Exhibit 5.1
May 10, 2021
Veoneer, Inc.
Klarabergsviadukten 70, Section C6
Box 13089, SE-103 02
Stockholm, Sweden
Ladies and Gentlemen:
Re: | Registration Statement on Form S-8 – Veoneer, Inc. 2021 Stock Incentive Plan |
We have acted as counsel to Veoneer, Inc., a Delaware corporation (the “Company”), in connection with the above-referenced Registration Statement on Form S-8 (the “Registration Statement”) to be filed on the date hereof by the Company with the Securities and Exchange Commission (the “Commission”) to register under the Securities Act of 1933, as amended (the “Securities Act”), 14,543,491 shares of the Company’s common stock, $1.00 par value per share (the “Shares”), which may be issued by the Company upon the grant, exercise or settlement of awards pursuant to the Veoneer, Inc. 2021 Stock Incentive Plan (the “Plan”). We are furnishing this opinion letter pursuant to Item 8 of Form S-8 and Item 601(b)(5) of Regulation S-K under the Securities Act.

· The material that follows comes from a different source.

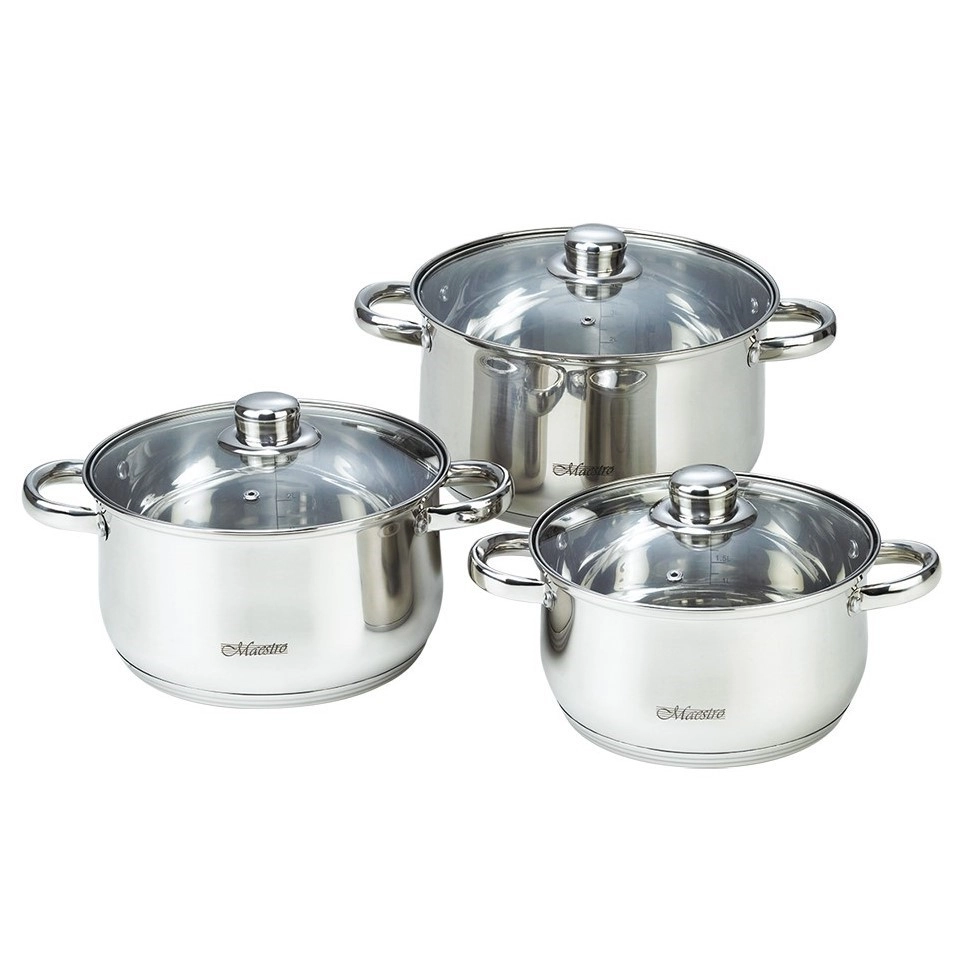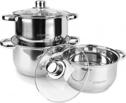 Avec l’ensemble de 6 pièces Maestro, vous obtenez des ustensiles fiables pour un usage quotidien. Les casseroles en acier inoxydable durable sont faciles à entretenir, les couvercles en verre avec orifice d’évacuation de vapeur permettent de contrôler la cuisson, et le fond thermo-accumulateur multicouche économise de l’énergie grâce à une répartition uniforme de la chaleur.

In connection with our opinion below, we have examined the Amended and Restated Certificate of Incorporation of the Company, the Amended and Restated Bylaws of the Company, records of proceedings of the Board of Directors and the stockholders of the Company deemed by us to be relevant to this opinion letter, the Plan and the Registration Statement. We also have made such further legal and factual examinations and investigations as we deemed necessary for purposes of expressing the opinion set forth herein. In our examination, we have assumed the genuineness of all signatures, the legal capacity of all natural persons, the authenticity of all documents submitted to us as original documents and the conformity to original documents of all documents submitted to us as certified, conformed, facsimile, electronic or photostatic copies.

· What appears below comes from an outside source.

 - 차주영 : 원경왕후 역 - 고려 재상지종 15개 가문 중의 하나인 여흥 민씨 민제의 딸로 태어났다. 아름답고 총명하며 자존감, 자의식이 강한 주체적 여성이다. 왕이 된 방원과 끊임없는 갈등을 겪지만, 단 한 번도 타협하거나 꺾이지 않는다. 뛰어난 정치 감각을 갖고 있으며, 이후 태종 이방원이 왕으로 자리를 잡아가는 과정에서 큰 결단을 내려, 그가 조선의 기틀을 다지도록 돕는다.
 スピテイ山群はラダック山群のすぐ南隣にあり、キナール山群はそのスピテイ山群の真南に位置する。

As to certain factual matters relevant to this opinion letter, we have relied conclusively upon originals or copies, certified or otherwise identified to our satisfaction, of such other records, agreements, documents and instruments, including certificates or comparable documents of officers of the Company and of public officials, as we have deemed appropriate as a basis for the opinion hereinafter set forth. Except to the extent expressly set forth herein, we have made no independent investigations with regard to matters of fact, and, accordingly, we do not express any opinion as to matters that might have been disclosed by independent verification.
Our opinion set forth below is limited to the General Corporation Law of the State of Delaware, applicable provisions of the Constitution of the State of Delaware and reported judicial decisions interpreting such General Corporation Law and Constitution that, in our professional judgment, are normally applicable to transactions of the type contemplated by the Plan, and we do not express any opinion herein concerning any other laws.